El tiempo siguió transcurriendo hasta que un día la policía lo esposó y un juez lo envió tras las rejas por un periodo de 20 años, ya que mientras se vengaba de un intento de asesinato disparó contra una persona y la consecuencia fue un cargo de intento de homicidio.

Antes de ese suceso, con 23 años, Flores había decidido calmar su vida. Tenía una esposa y un total de dos hijos.

De líder de la mafia mexicana a un encuentro con Dios

Sus dos décadas las cumplió en una de las cárceles más violentas de California, donde la única opción es ser el más fuerte de entre varias facciones criminales. El entonces recluso integraba la mafia mexicana y tiempo después se convirtió en su líder.

De esa manera, Flores tuvo bajo su control a 200 presos y tenía poder sobre prácticamente todo el penal, pero un día apareció un rival que envió a un preso a quitarle la vida con un puñal.

Flores contó que ya estaba al tanto del ataque, por lo que cuando llegó el momento logró apuñalar 18 veces a su asesino. “Pensé que me darían cadena perpetua, pero el tipo sobrevivió y nunca me acusó”, dijo.

Luego de ese incidente, las autoridades decidieron que el hombre pasaría el resto de sus días en una celda aislada, lugar que le sirvió para reflexionar sobre sus acciones y encontrarse con Dios.

“No veía el sol, no tenía visitas, ni contactos ni acceso al teléfono. Fue la primera vez que fui honesto conmigo mismo. Muchas de las cosas que hice fueron por puro miedo y no porque fuese el más bravo”, recordó.

Es así como empezó a reformarse para una nueva vida que empezaría en 2014 tras su liberación, pero las cosas no fueron como esperaba, ya que sus antecedentes criminales eran un lastre que le cerraba las puertas.

“Cuando cambié y salí, uno se da cuenta de muchas cosas. La gente, tu familia, tu comunidad, tu iglesia, quieren que cambies, pero cuando tienen que darte una oportunidad las cosas son muy diferentes”, indicó.

Con el pasar de los días, un contacto en North Valley Caring Services le dio la oportunidad de ser entrevistado por sus representantes, llegando a ocupar el puesto de director cinco años después por un programa alimenticio de alto impacto.

“Ofrecemos ayuda”

Como director de la organización, Flores se enorgullece de que esta no solo se encarga de alimentar a las personas de bajos recursos, sino que educa a los niños y jóvenes en áreas tan comunes para cualquier persona ajena como, por ejemplo, el uso de una computadora.

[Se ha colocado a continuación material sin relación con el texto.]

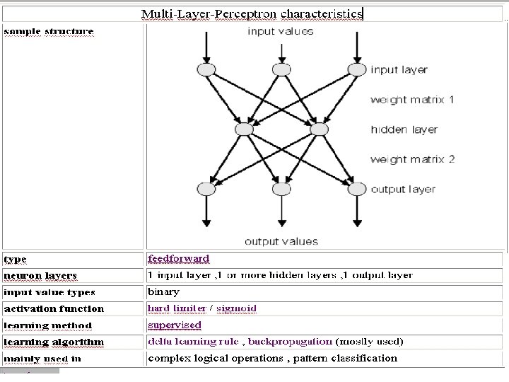Types of Neural Nets Multi-Layer-Perceptron • The Multi-Layer-Perceptron was first introduced by M. Minsky and S. Papert in 1969. It is an extended Perceptron and has one ore more hidden neuron layers between its input and output layers. Due to its extended structure, a Multi-Layer. Perceptron is able to solve every logical operation, including the XOR problem.
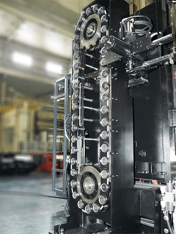 刀庫可以對(duì)重型刀具進(jìn)行穩(wěn)定和準(zhǔn)確的刀具交換,刀庫外圍全封閉護(hù)罩可以使操作人員安心的進(jìn)行刀具交換和裝卸。
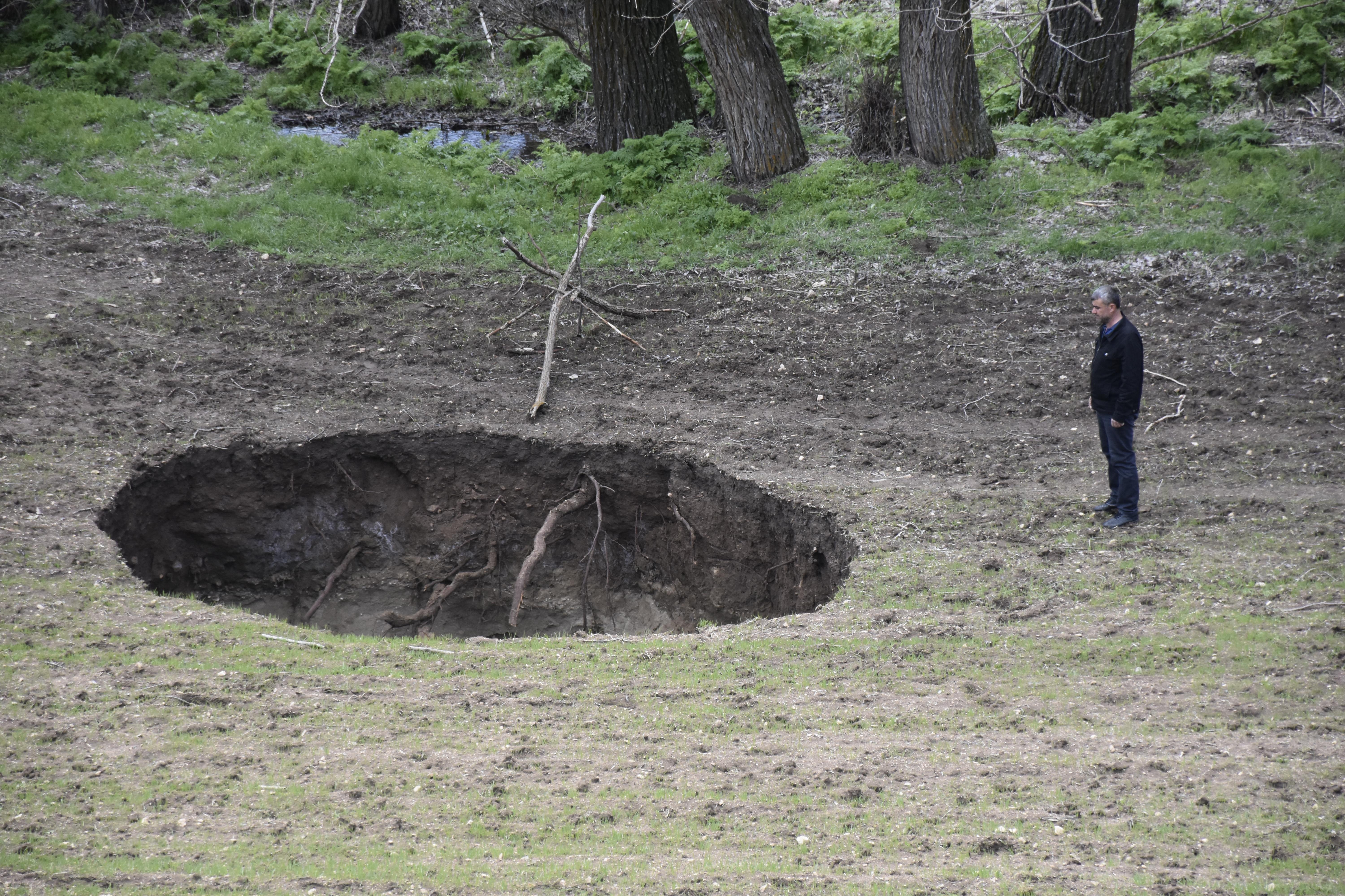 Sivas'ta tarlada 7 metre çapında obruk oluştu

Asimismo, instruyen a las personas para que puedan desarrollar emprendimientos en los que les ayuda a obtener el 100% de las ganancias al encontrarles lugares para sus ventas. También hay quienes consiguieron empleos.

“Varias personas han conseguido buenos contratos y ahora se encuentran en otro nivel económico. Por medio de nuestros programas, hemos conseguido impactar a un 20% de las personas del área de San Fernando”, señaló.

En 2021, Manny Flores es un hombre que contrajo matrimonio por segunda vez y que se alegra de haberlo hecho sin esconder su pasado. De igual manera, destacó que su padre, quien falleció hace un mes, pudo ver sus cambios con una organización que espera que tenga otras dos sedes.